Caso 1: si $$a_{k}\leq \sqrt{2}$$
Entonces $$b_{k+1}=a_{k}$$, $$c_{k+1}=c_{k}$$ y $$a_{k+1}=a_{k}+\frac{a_{1}-a_{0}}{2^{k}}$$.
$$c_{k+1}-a_{k+1}=c_{k}-a_{k}-\frac{a_{1}-a_{0}}{2^{k}}=\frac{a_{1}-a_{0}}{2^{k-1}}-\frac{a_{1}-a_{0}}{2^{k}}=\frac{a_{1}-a_{0}}{2^{k}}$$
$$a_{k+1}-b_{k+1}=a_{k}+\frac{a_{1}-a_{0}}{2^{k}}-a_{k}=\frac{a_{1}-a_{0}}{2^{k}}$$
$$b_{k+1}=a_{k}\leq \sqrt{2}\Rightarrow b_{k+1}\leq \sqrt{2}$$
$$c_{k+1}=c_{k}\geq \sqrt{2}\Rightarrow c_{k+1}\geq \sqrt{2}$$
Caso 2: si $$a_{k}> \sqrt{2}$$
Entonces $$b_{k+1}=b_{k}$$, $$c_{k+1}=a_{k}$$ y $$a_{k+1}=a_{k}-\frac{a_{1}-a_{0}}{2^{k}}$$.
$$c_{k+1}-a_{k+1}=a_{k}-a_{k}+\frac{a_{1}-a_{0}}{2^{k}}=\frac{a_{1}-a_{0}}{2^{k}}$$
$$a_{k+1}-b_{k+1}=a_{k}-\frac{a_{1}-a_{0}}{2^{k}}-b_{k}=\frac{a_{1}-a_{0}}{2^{k-1}}-\frac{a_{1}-a_{0}}{2^{k}}=\frac{a_{1}-a_{0}}{2^{k}}$$
$$b_{k+1}=b_{k}\leq \sqrt{2}\Rightarrow b_{k+1}\leq \sqrt{2}$$
$$c_{k+1}=a_{k}> \sqrt{2}\Rightarrow c_{k+1}\geq \sqrt{2}$$
En cualquier caso, se cumple el paso inductivo.
Entonces, $$b_{n}\leq \sqrt{2}\leq c_{n} \hspace{0.25cm} \forall n\geq 2$$, $$b_{n}\leq a_{n}\leq c_{n}\hspace{0.25cm} \forall n\geq 2$$, y $$\left|c_{n}-b_{n}\right|=\frac{a_{1}-a_{0}}{2^{n-2}}\hspace{0.25cm} \forall n\geq 2$$.
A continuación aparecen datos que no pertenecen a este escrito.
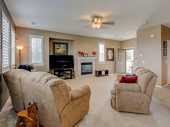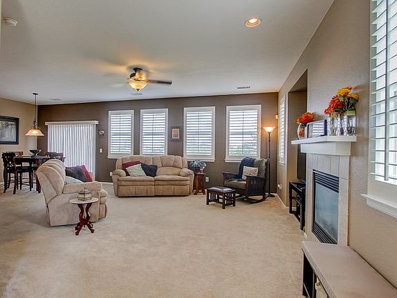 This beautiful home in Highland Walk is waiting for you. It has an open spacious feeling with the living room, dining area and large kitchen with eating counter space all on the main floor. The first level has a warm and inviting large living area with decorative paint, white shutters, gas fireplace and pretty mantle. The dining area has a sliding door to your large patio for great outside dining and entertaining. It has a great location, is a corner lot surrounded by greenbelt, trees and nature. The kitchen includes all appliances and has ample cabinets and pantry. There is a high counter top for additional dining and serving space. There is new laminate flooring throughout the main level and new carpet on the upper level. Several rooms have been painted which makes this a move in ready home. Upstairs there are three bedrooms. The master bedroom is quite spacious and connects to a beautiful five piece bath with new lighting and walk in closet. The upstairs rooms can be used as bedrooms or office space. The owner has lovingly cared for this home and has had the heating system, fireplace and air conditioning units serviced and checked just before listing. Highland Walk is a beautiful, well kept community. You can walk to restaurants, Starbucks, grocery stores and community parks. Enjoy the good life and welcome home!

Por lo tanto, $$|a_{n}-\sqrt{2}|\leq |c_{n}-b_{n}| \Rightarrow |a_{n}-\sqrt{2}|\leq \frac{a_{1}-a_{0}}{2^{n-2}}\hspace{0.25cm} \forall n\geq 2$$
Como $$\lim_{n\to +\infty}\frac{a_{1}-a_{0}}{2^{n-2}}=0$$, entonces $$\forall \varepsilon>0, \exists n_{0} : \frac{a_{1}-a_{0}}{2^{n-2}}<\varepsilon \hspace{0.25cm} \forall n\geq n_{0}$$
$$\forall \varepsilon >0, \exists n_{0} : |a_{n}-\sqrt{2}|\leq \varepsilon \hspace{0.25cm} \forall n\geq n_{0}$$
Entonces $$\lim_{n\to +\infty} |a_{n}-\sqrt{2}|=0\Rightarrow \lim_{n\to +\infty} a_{n}=\sqrt{2}$$.
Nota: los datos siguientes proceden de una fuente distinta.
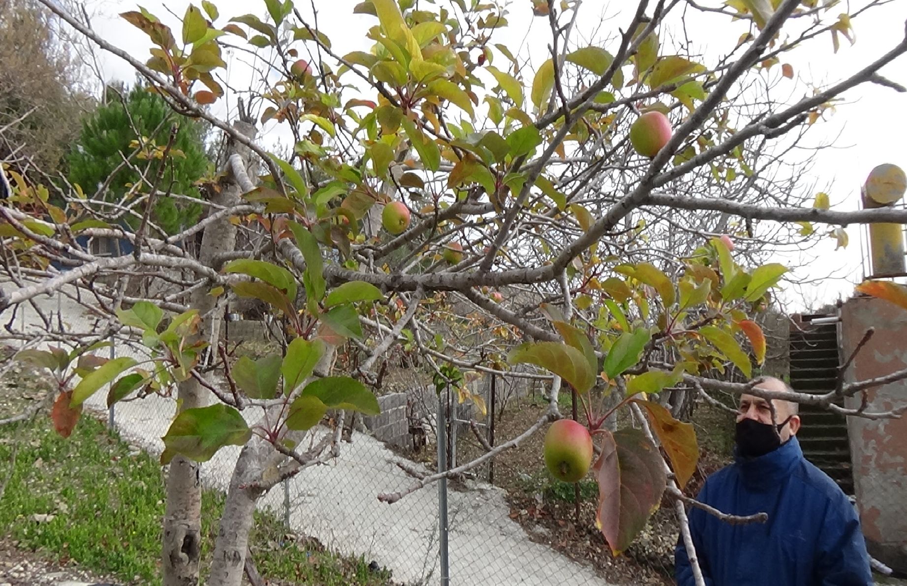 Kadirli’de Kış ortasında meyve veren Elma Ağacı Şaşırttı

La parte b) es fácil sabiendo que $$|a_{n}-\sqrt{2}|\leq \frac{a_{1}-a_{0}}{2^{n-2}} \hspace{0.25cm} \forall n\geq 2$$
ya que simplemente se despeja $$n$$:
$$\frac{a_{1}-a_{0}}{2^{n-2}}<\varepsilon \Rightarrow 2^{n-2}>\frac{a_{1}-a_{0}}{\varepsilon} \Rightarrow n-2>\log_{2} \left( \frac{a_{1}-a_{0}}{\varepsilon} \right) \Rightarrow n>\log_{2} \left( \frac{a_{1}-a_{0}}{\varepsilon} \right)+2$$